Beyond the symbolism of such an outcome, this would have wreaked further havoc with companies’ trade management systems and significantly complicated the operation of the Northern Ireland protocol. And it is worth noting that avoiding tariffs has constantly topped the scales of what IoD (Institute of Directors) members wanted to see out of the negotiations, albeit followed closely by minimising non-tariff barriers to trade and maintaining ease of movement for people.
Yet it is also a reflection of the continual shifts in the UK’s approach to what a successful outcome looked like over the past four years that there is such relief at a deal which mainly keeps tariffs and quotas at zero. Whenever it is put to me that businesses have had four years to get ready, my response is usually to ask “for what exactly”? For three out of the four, frictionless trade in goods at least was the clear stated ambition. Over the past 12 months, firms have been subsequently asked to prepare not only for unclear changes to external but also internal trade as a consequence of the Northern Ireland protocol agreed last year, albeit with huge gaps only filled this month.

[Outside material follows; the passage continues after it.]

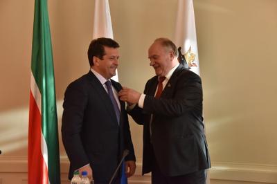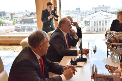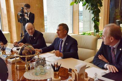 Затем состоялась встреча лидера КПРФ и Президента Татарстана Р.Н. Минниханова. В ходе беседы обсуждались вопросы развития экономики Республики, в частности, стратегический план «20-30», предусматривающий глубокие инфраструктурные преобразования. Г.А. Зюганов вручил Р.Н. Минниханову памятную медаль ЦК КПРФ «70 лет Победы». Во встрече также приняли участие депутаты-коммунисты Государственной Думы В.П. Пешков, А.П. Тарнаев и первый секретарь Татарстанского рескома КПРФ, руководитель фракции КПРФ в Госсовете Татарстана Х.Г. Миргалимов.
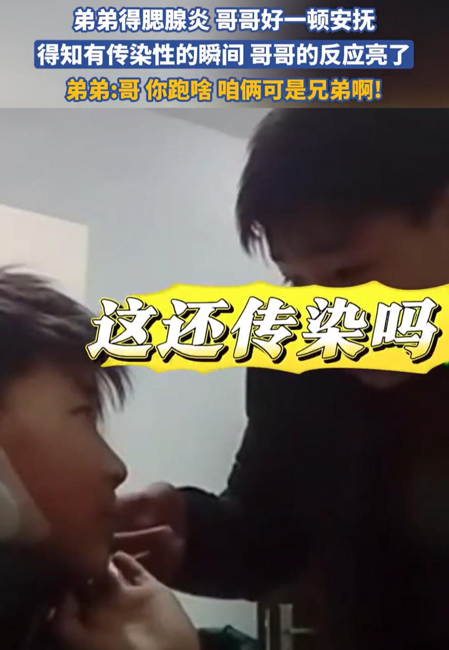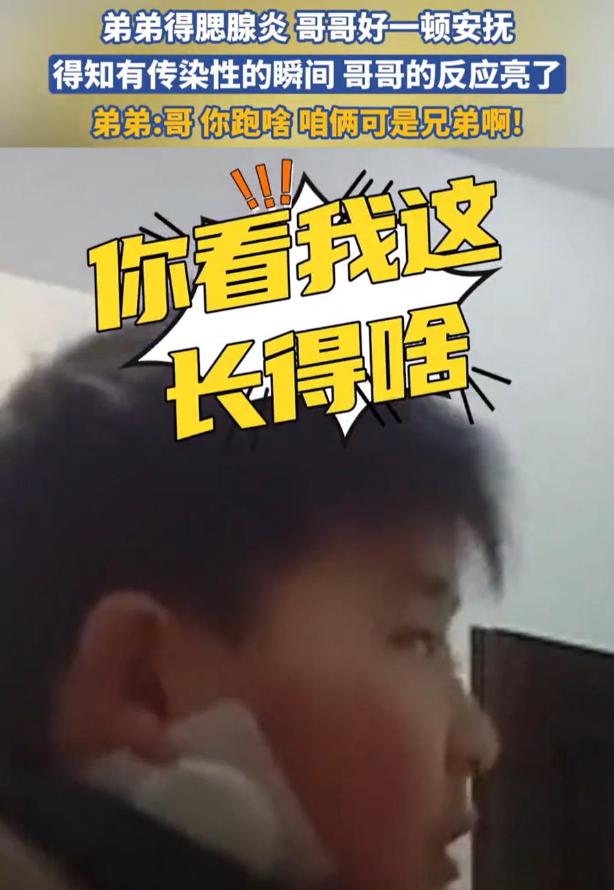 笑不活了!云南,一男孩得了腮腺炎,经过处理后回家找哥哥安慰,哥哥上前一顿安抚,结果得知弟弟是被人传染的,哥哥立刻变脸,转身离开没有一丝犹豫,网友:前一秒兄弟情深,后一秒一点不装 当时,弟弟得了腮腺炎,脸肿得像个小包子。经过一番处理后,弟弟觉得实在憋得难受,便找到哥哥,想让哥哥安慰安慰他,顺便看看自己的“战果” 弟弟把哥哥喊过来,声音软塌塌的:哥,你瞅瞅我这是长的啥?哥哥本来在忙自己的,听到这声儿一扭头,走近一看,好家伙,纱布裹得严严实实,好奇的询问:我靠,你这啥玩意儿啊? 弟弟随口答了一句:炸菜 这词儿接地气,家里人都懂,就是腮腺炎,小时候谁班上没停过几天课。哥哥还伸手想看看严不严重,左瞅右瞅,还挺认真。接着问了一句,这咋整的? 弟弟说是被别人传的,哥哥立刻反应过来,这东西传染啊?哥哥前一秒还凑在弟弟跟前,眼神里透着心疼,下一秒确认了会传染,整个人像被按了开关似的,腾地站起来,转身,走人,头都没回,一秒钟都没耽搁 有网友说:前一秒兄弟情深,后一秒听到传染直接变脸,这反应太真实了,一点不装。 弟弟:哥,你这脸变的有点快了啊… 哥哥:爱归爱,命要紧! 其实仔细想想,这根本不是兄弟感情浅,恰恰是因为太熟了,熟到不需要演 真正的家人就是这样,你难受的时候他愿意凑近,你有事的时候他愿意管,但你也得理解,他也有自己的本能反应。腮腺炎这东西,成年人了谁不知道传染性有多强。他跑不是因为不心疼,而是知道你已经看完医生、处理好了,剩下的只是养着,而他这个当哥的,没必要把自己也搭进去

So here we are, with barely a week for businesses to digest and respond to detail that is still not fully in front of them yet. Expecting this is akin to asking a boxer to fight with one hand tied behind their back. But there is still light at the end of the tunnel – namely that this is a baseline agreement and framework for new cooperation to build upon going forward. The only way is up – and it is in this spirit the UK and EU need to take the next steps together.
Further support is needed for those affected on both sides, but with Brexit soon to be in our rear view mirror, it’s time to prove again that we have more in common than what divides us.